Is there a reason for glass blocks or do they just not care if the windows open? If they are not set on having the blocks you could get an awning window with frosted glass made to any size. Or hell you could get a deadlite for small money.


----------



## Mike Finley (Apr 28, 2004)

They want glass block in the bathroom, and now since they have 3 windows on that side of the house, they want them all the same.

I'm guessing we will just need to frame the opening to fit within the old rough opening with something like Aztec.


----------



## dougchips (Apr 23, 2006)

If the 35 is your height, could you slant a sill from the front of the block so your "window" is square?


----------



## mickeyco (May 13, 2006)

I'm no expert, but I have put in quite few in a apartment building we have. Forget about framing it, look in the phone book for a company that makes glass block, they can make them to about any size you want (maybe a little thicker mortar joint around the outside) and there not to expensive. Do the glass blocks near the end when you know what the framed wall and tile size will be, usually you will have a little room to play with by moving the window toward the inside or outside so you don't end up with little slivers of tiles or large or un-even grout/caulk lines. Along those same lines push any imperfections in the wall to the outside where it's hardly noticeable. When I'm putting them in I use the mortar to also build up a slope on the windowsill so water won't puddle. To mortar them in I use shims 8 places until the initial mortar is dry, remove them and fill in the voids from the shims. The most important thing make sure it's secure until the mortar dries, the last one I did, someone slammed a door, the air pressure pushed the window out on to me who was standing on the ground below it, it burst a pile capillaries in my hands and broke into piles of pieces. Not done yet, I cleaned up the mess and I was carrying it to the trash a piece of the glass sticking out of the trash bag sliced my leg open requiring a pile of stitches, most expensive glass block I ever installed. I think I paid about $125 -$150 for the window pictured below about 5 years ago.


----------



## mickeyco (May 13, 2006)

One more thing, if you have them made up and you want all the blocks to be the same size tell them before hand, I got one once made with different size blocks.


----------



## Teetorbilt (Feb 12, 2004)

Don't cut the blocks unless you are prepared to put up with the 'condensation issues'. I cut them under duress but it costs a fortune. I have to do it because I work on block or cast homes most of the time. With frame construction it would be less expensive to change the size of the opening.


----------



## troubleseeker (Sep 24, 2006)

Buy a framed unit from your mill supplier or local window fabricator.


----------



## Greg Di (Mar 12, 2005)

Two routes:

1) prefabbed units of either glass or acrylic that come in a jamb sized to your rough opening

2) there was an article in JLC by John Carol within the last year with step by step on how to install a glass block window from scratch.

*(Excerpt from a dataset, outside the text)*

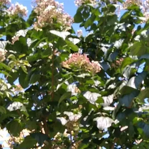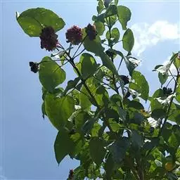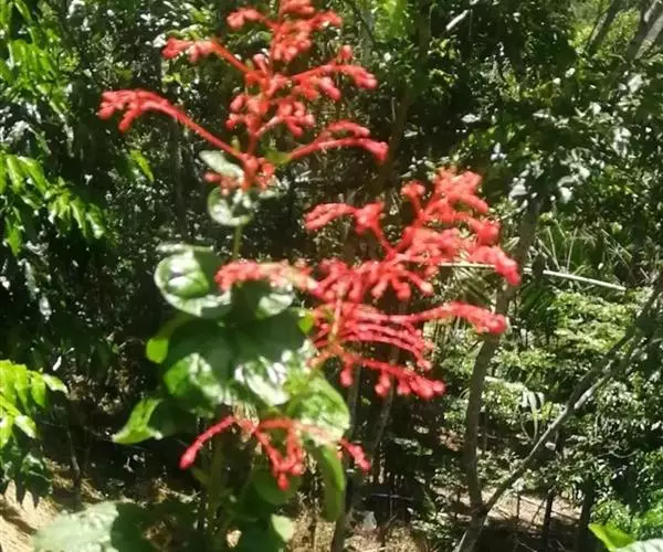 二歧聚伞花序组成顶生,大而开展的圆锥花序,长15-34厘米,宽13-35厘米,花序的最后侧枝呈总状花序,长可达16厘米,苞片宽卵形、卵状披针形、倒卵状披针形、线状披针形,有柄或无柄,小苞片线形;花萼红色,外面疏被短柔毛,散生盾形腺体,长1-1.5厘米,深5裂,裂片卵形或卵状披针形,渐尖,长0.7-1.3厘米,开展,外面有1-3条细脉,脉上具短柔毛,内面无毛,有疏珠状腺点;花冠红色,稀白色,花冠管长1.7-2.2厘米,外面具微毛,里面无毛,顶端5裂,裂片长圆形,开展,长1-1.5厘米;雄蕊长约达花冠管的3倍;子房无毛,4室,柱头2浅裂,与雄蕊均长突出于花冠外。果实椭圆状球形,绿色或蓝黑色,径7-10毫米,常分裂成2-4个分核,宿萼增大,初包被果实,后向外反折呈星状。花果期5-11月。

I've used the acrylic windows with much success. They install in minutes.


----------



## Mike Finley (Apr 28, 2004)

Having them made wasn't even on the radar, but it might be the smartest way to go.


----------



## skyhook (Mar 17, 2007)

double up or reinforce the framing to carry the extra weight.


----------



## Joasis (Mar 28, 2006)

I would be your Acme Brick showroom in Denver will have many on display. I have bought windows, and a shower wall unit from them...good stuff.


----------



## mickeyco (May 13, 2006)

I've got to ask (because I don't know), when I hear acrylic windows the first thing I think of is those acrylic tubs that scratch real easy. I've never used acrylic block windows, I can see the advantage of them being lighter, therefore an easier installation and maybe warmer (more efficient) than glass but I figure they have got to cost more. I'd also be worried about scratching because people tend to use whatever they're cleaning the tub with to clean the window (I'm assuming these are in a bathroom because Finley is doing them), ie. scouring pads or abrasive chemicals, I would think that even regular window cleaners would damage acrylic and they would eventually yellow. Like I said I have no experience with the acrylic block but I'd be curious to know about price and durability.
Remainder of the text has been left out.